On the nature, modeling, and neural bases of social ties.

PURPOSE: This chapter addresses the nature, formalization, and neural bases of (affective) social ties and discusses the relevance of ties for health economics. A social tie is defined as an affective weight attached by an individual to the well-being of another individual ('utility interdependence'). Ties can be positive or negative, and symmetric or asymmetric between individuals. Characteristic of a social tie, as conceived of here, is that it develops over time under the influence of interaction, in contrast with a trait like altruism. Moreover, a tie is not related to strategic behavior such as reputation formation but seen as generated by affective responses. METHODOLOGY/APPROACH: A formalization is presented together with some supportive evidence from behavioral experiments. This is followed by a discussion of related psychological constructs and the presentation of suggestive existing neural findings.

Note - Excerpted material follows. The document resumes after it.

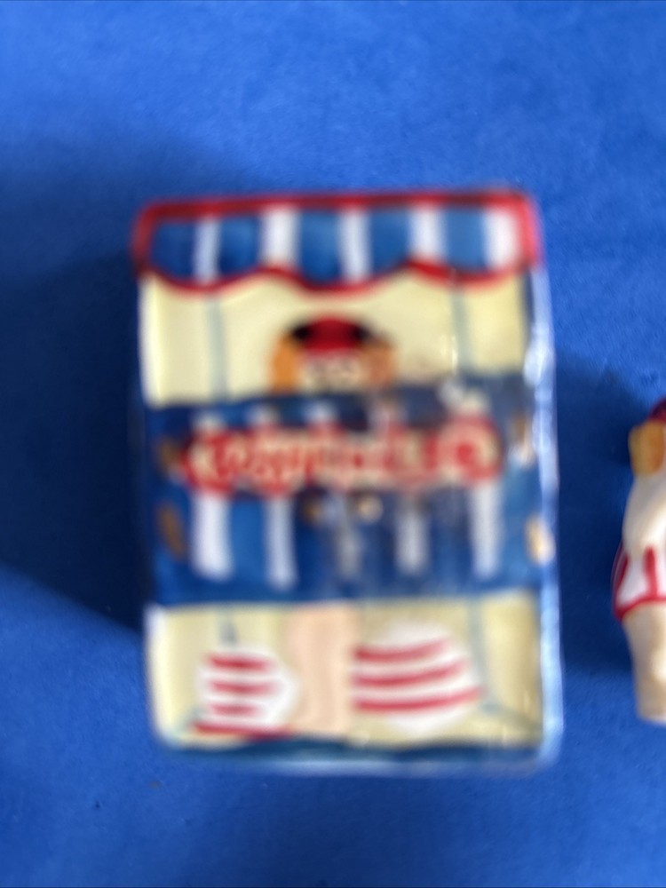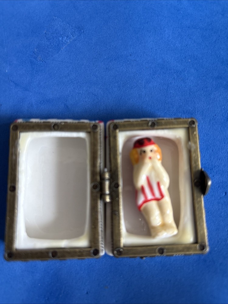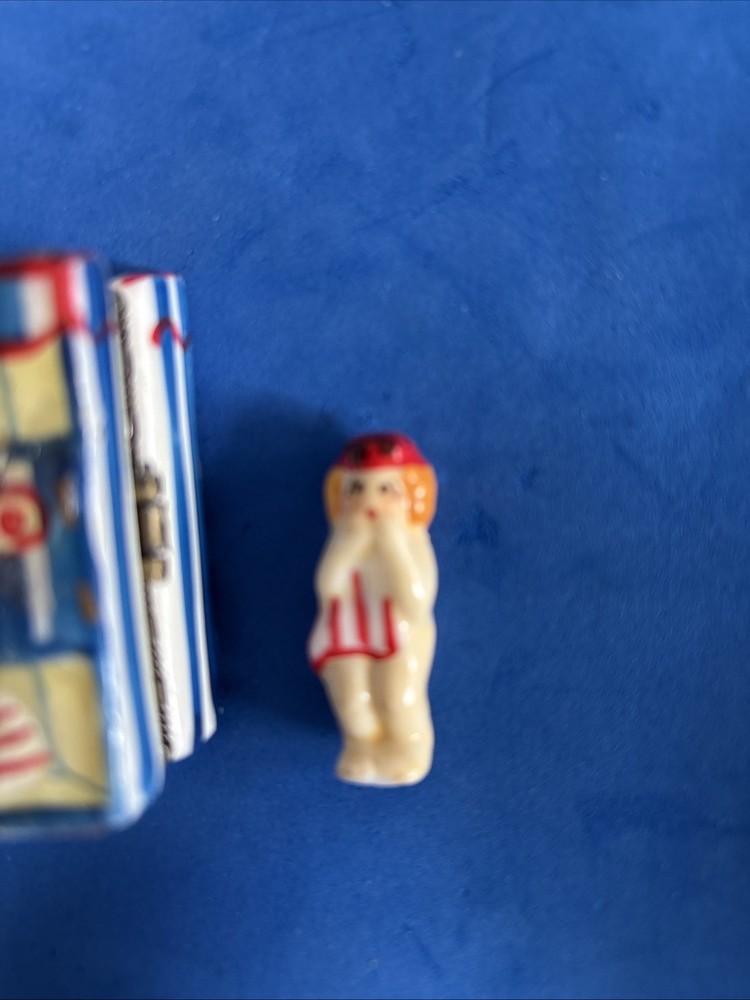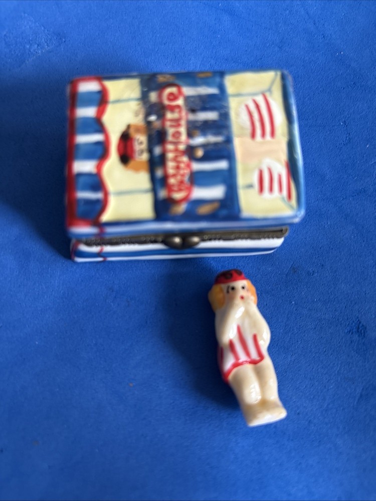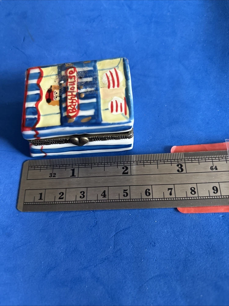 Vintage hinged enamel jewelry box shaped like a beach house with doll charm
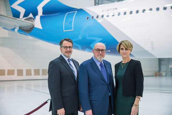 Seen from l to r, are Jean-François Lemay, president, Air Transat; Jean-Marc Eustache, president and chief executive officer, Transat; and Annick Guérard, chief operating officer, Transat. (Photo courtesy of Transat).

To help prepare the grounds for a model-based neural analysis some speculations on the neural networks involved are provided, together with suggestions for future research. FINDINGS: Social ties are not only found to be important from an economic viewpoint, it is also shown that they can be modeled and related to neural substrates. ORIGINALITY/VALUE OF THE CHAPTER: By providing an overview of the economic research on social ties and connecting it with the broader behavioral and neuroeconomics literature, the chapter may contribute to the development of a neuroeconomics of social ties.